The easiest way to provide these files is to build the Binutils package
and GAS. Configure them with the same --host and --target
options that you use for configuring GNU CC, then build and install
them. They install their executables automatically into the proper
directory. Alas, they do not support all the targets that GNU CC
supports.
If you want to install libraries to use with the cross-compiler, such as
a standard C library, put them in the directory
/usr/local/target/lib; installation of GNU CC copies
all the files in that subdirectory into the proper place for GNU CC to
find them and link with them. Here's an example of copying some
libraries from a target machine:
ftp target-machine
lcd /usr/local/target/lib
cd /lib
get libc.a
cd /usr/lib
get libg.a
get libm.a
quit
The precise set of libraries you'll need, and their locations on the target machine, vary depending on its operating system.
Many targets require "start files" such as crt0.o and
crtn.o which are linked into each executable; these too should be
placed in /usr/local/target/lib. There may be several
alternatives for crt0.o, for use with profiling or other
compilation options. Check your target's definition of
STARTFILE_SPEC to find out what start files it uses.

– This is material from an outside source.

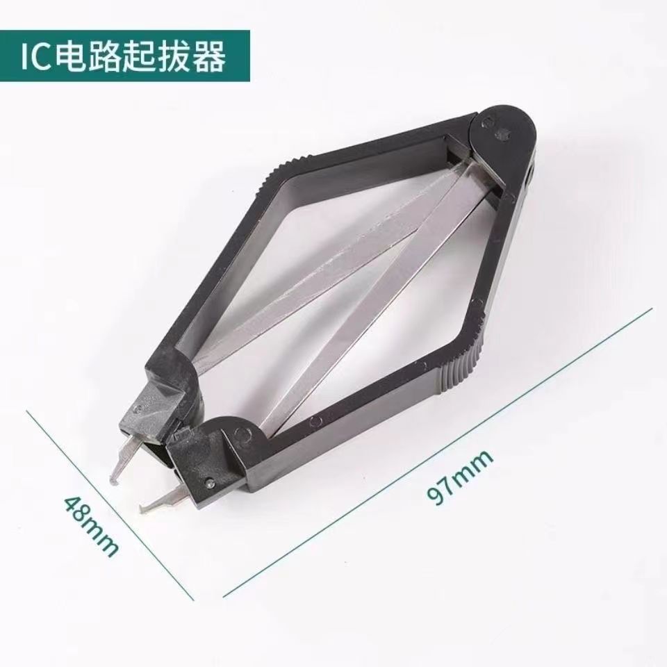 1、可轻易地将PLCC20-44脚芯片从基板中取出而不伤任何IC导体。可于SOCKET或PCB中拔起PLCC,PGA,PCLL,包裝之IC。2、用握手方式,将IC以垂直方向平稳的拔起(非用强行拉起),而使拔出之IC能获得完整之PIN。3、对密集排列之IC可直接拔出,不须动到到其它IC。4、接触面5.5cm以內之不同大小IC可在很短时间內将其拔出,操作简单而且省力。

Here's an example of copying these files from a target machine:
ftp target-machine
lcd /usr/local/target/lib
prompt
cd /lib
mget *crt*.o
cd /usr/lib
mget *crt*.o
quit
If you are cross-compiling a standalone program or a program for an
embedded system, then you may not need any header files except the few
that are part of GNU CC (and those of your program). However, if you
intend to link your program with a standard C library such as
libc.a, then you probably need to compile with the header files
that go with the library you use.
The GNU C compiler does not come with these files, because (1) they are system-specific, and (2) they belong in a C library, not in a compiler.
If the GNU C library supports your target machine, then you can get the header files from there (assuming you actually use the GNU library when you link your program).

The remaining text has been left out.